= Beginning of Section =

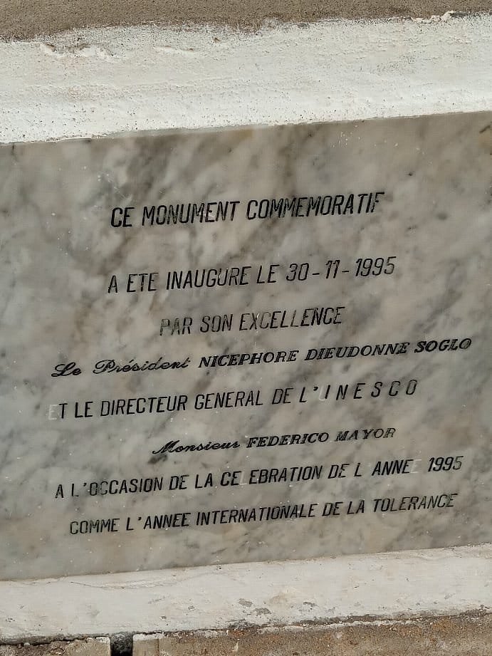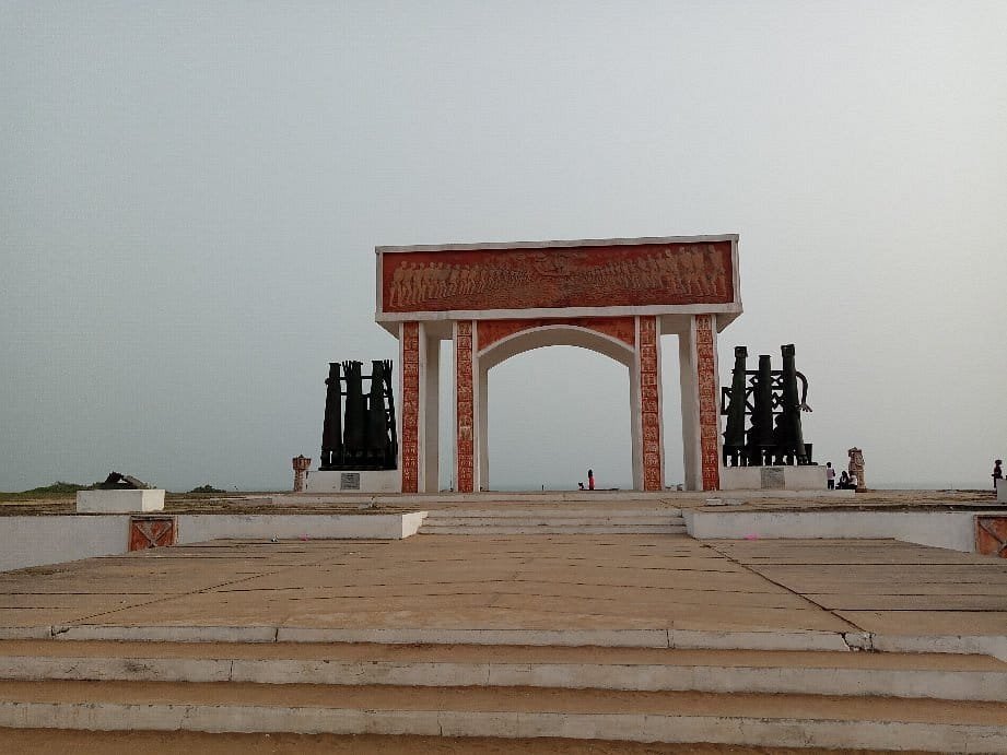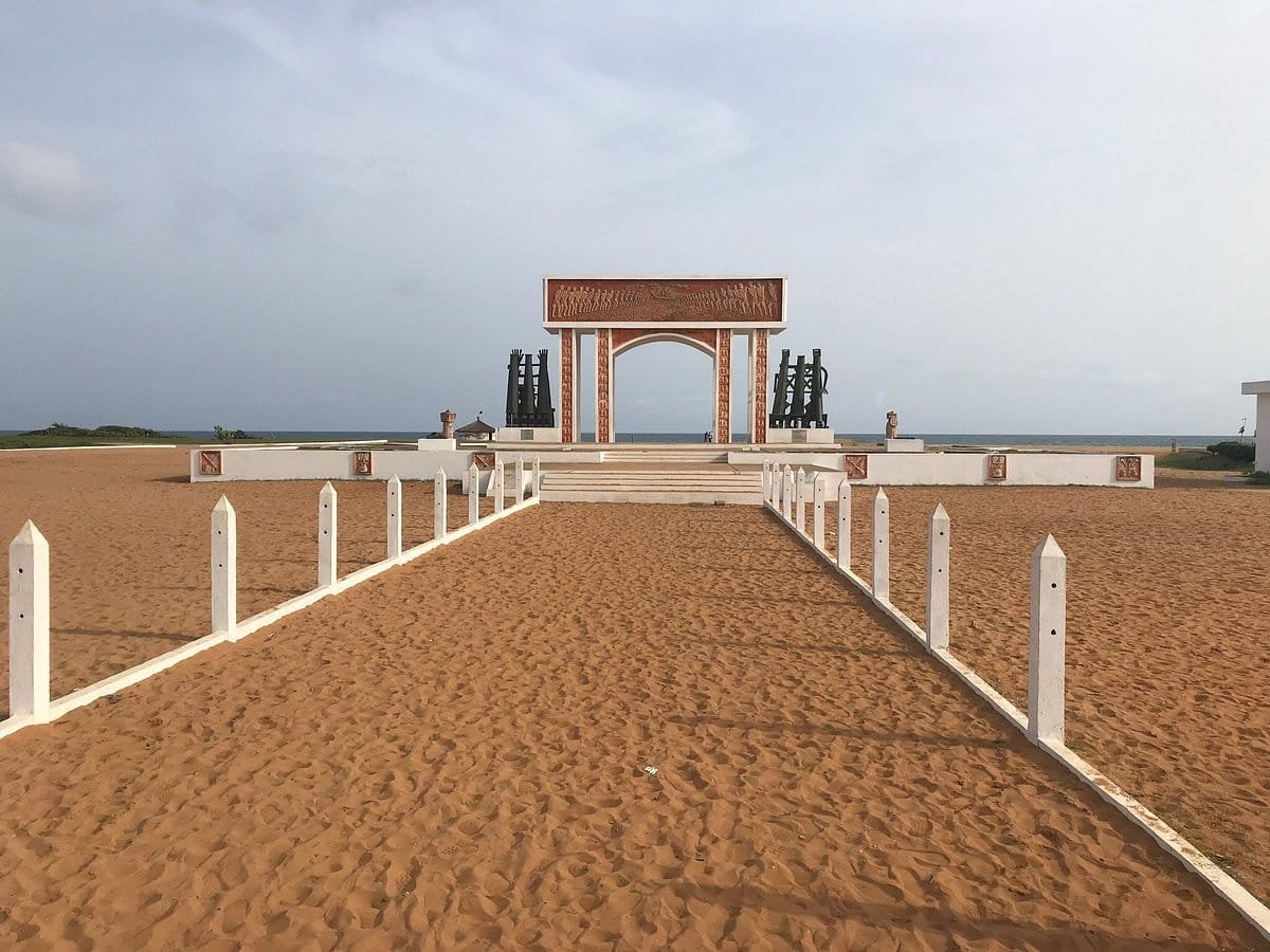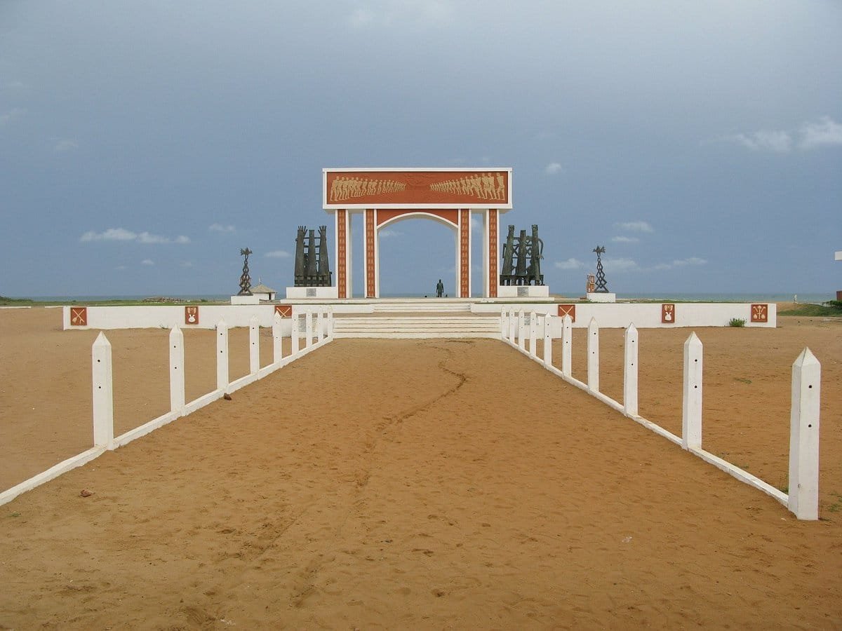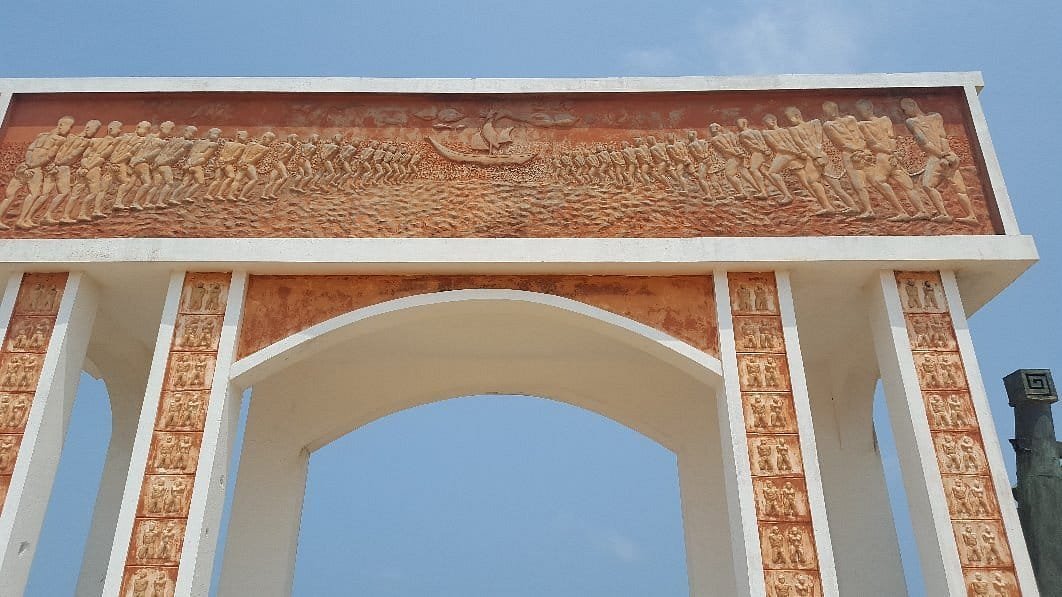 En 1995 , l'Unesco a fait ériger ce mémorial en forme d'arc bordé de sculptures témoignant des nombreux esclaves qui sont passés ici au nombre de plus d'un million .
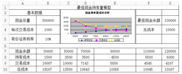 已知某企业的现金需求总额T=500 000元,每次交易成本b=1 000元,有价证券利率r=10%,现在假设企业有以下6种现金余额:30 000元、50 000元、70 000元、90 000元、110 000元、120 000元,企业要求最低现金持有量为28 000元。请根据这些数据来设计最佳现金持有量模型并绘制出相应的分析图。
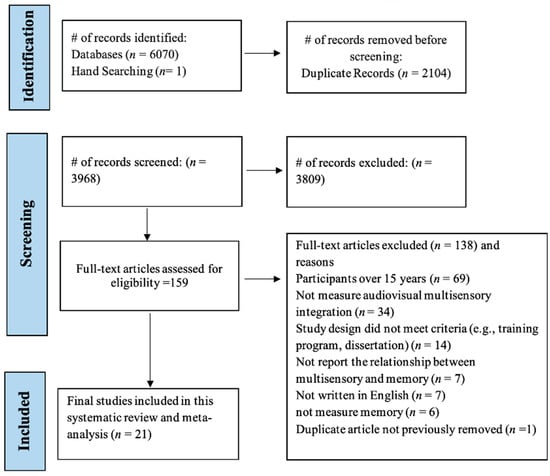 APA StyleAlhamdan, A. A., Pickering, H. E., Murphy, M. J., & Crewther, S. G. (2025). From Senses to Memory During Childhood: A Systematic Review and Bayesian Meta-Analysis Exploring Multisensory Processing and Working Memory Development. European Journal of Investigation in Health, Psychology and Education, 15(8), 157. https://doi.org/10.3390/ejihpe15080157

= End of Section =

[Work required] Every line of the material above must be written out exactly, with no pictures.

[Expected answer]
 En 1995 , l'Unesco a fait ériger ce mémorial en forme d'arc bordé de sculptures témoignant des nombreux esclaves qui sont passés ici au nombre de plus d'un million .
 已知某企业的现金需求总额T=500 000元,每次交易成本b=1 000元,有价证券利率r=10%,现在假设企业有以下6种现金余额:30 000元、50 000元、70 000元、90 000元、110 000元、120 000元,企业要求最低现金持有量为28 000元。请根据这些数据来设计最佳现金持有量模型并绘制出相应的分析图。
 APA StyleAlhamdan, A. A., Pickering, H. E., Murphy, M. J., & Crewther, S. G. (2025). From Senses to Memory During Childhood: A Systematic Review and Bayesian Meta-Analysis Exploring Multisensory Processing and Working Memory Development. European Journal of Investigation in Health, Psychology and Education, 15(8), 157. https://doi.org/10.3390/ejihpe15080157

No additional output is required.